November 11th is Remembrance Day and every year Canadians from sea to sea to sea pause to pay tribute to the service and sacrifices of the men and women who have served our country in times of war.
It is also a good time for us to think about the ways in which we remember and honour the legacy of those who have served. The area around our National War Memorial, which I can see from my office on Parliament Hill, has undergone extensive construction recently, but the Memorial is now once again accessible.
The Memorial, titled “The Response”, celebrates the contribution of Canadians when conflict has threatened peace and freedom. It is a theme that is still important today, as Canadians continue to serve as peacekeepers around the world.
Currently, close to 4,000 Canadian forces personnel are deployed in 19 international locations. Whenever peace and security are threatened, Canadian peacekeepers and humanitarian aid is not far behind.

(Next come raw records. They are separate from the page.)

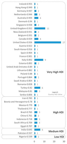 To investigate the consideration of environmental sustainability in commercial and residential buildings, the findings from the first stage of the Survey were used (see Table 2). The Ideal and Typical/Usual Environmental Sustainability weights of buildings associated with different countries were obtained. These sustainability weights were then rationalized based on the level of human development and environmental performance of different regions. This was because, on the scale of countries, different drivers influenced the regional attention towards sustainability dimensions. Human needs have varying priorities; for instance, if issues of inequity, health, poverty and illiteracy were taken into consideration, it could be argued that the focus of sustainable development in developing countries should be on socio-economic issues rather than on the environmental [47,48]. Accordingly, developing and developed countries have different preferences toward sustainability [47,49]. Hence, the distribution of countries into various groups while presenting the survey findings would help to see the priorities currently given to environmental sustainability in buildings by countries having different degrees of human development. To determine the level of human development in different regions, the measure used in this study was the Human Development Index (HDI), a United Nations measure of well-being in a country, which can help rank countries by their level of human development. The HDI is a composite statistic of education, life expectancy and income per capita. A country gets a higher HDI score when education level, lifespan and GDP per capita are higher, and inflation and fertility rates are lower. Notably, countries with an HDI value above 0.8 are considered to have very high HDI values. An HDI value above 0.8 is classified as very high, between 0.7 and 0.799 as high, 0.55 to 0.699 as medium, and below 0.55 as low [50]. This criterion was used to segregate, analyze and rationalize the survey findings related to the first objective.
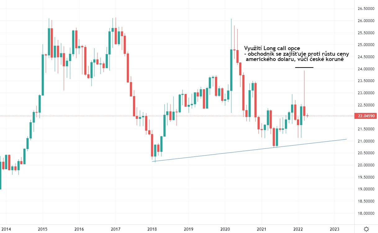 Princip využití Long Call opce, s cílem se zajistiti proti růstu kurzu USD/CZK
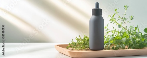 © Nisit, Fototapeta premium Matte grey dropper bottle with a sleek design, placed on a wooden tray with fresh herbs and soft natural light.
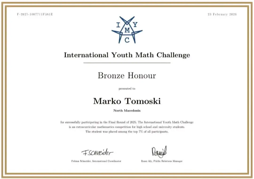 I riu nga Ohri, Marko Tomoski fitoi medaljen e bronztë në garën ndërkombëtare për matematikë për të rinj, International Youth Math Challenge, përcjell TV21. Ai, vetëm 12 vjeç, në kategorinë për matematikantë të rinj deri në 16 vjeç, arriti të fitojë këtë çmim në një garë të fortë me 9.800 pjesëmarrës nga e gjithë bota.

Remembering those who have fought for this country has, in recent years, taken a new turn as we have been discussing the creation of a new Canadian War Museum. The federal government has already donated surplus Department of National Defence land for the project, and the Passing the Torch fundraising campaign has already raised more than $4 million.
As an honourary member of the Westboro Branch 480 of the Royal Canadian Legion, and of the Korean Veterans Association, I am happy to support the creation of a new Canadian War Museum. A new museum for the new millennium is a fitting way to honour those who have fought to protect the freedoms we value today.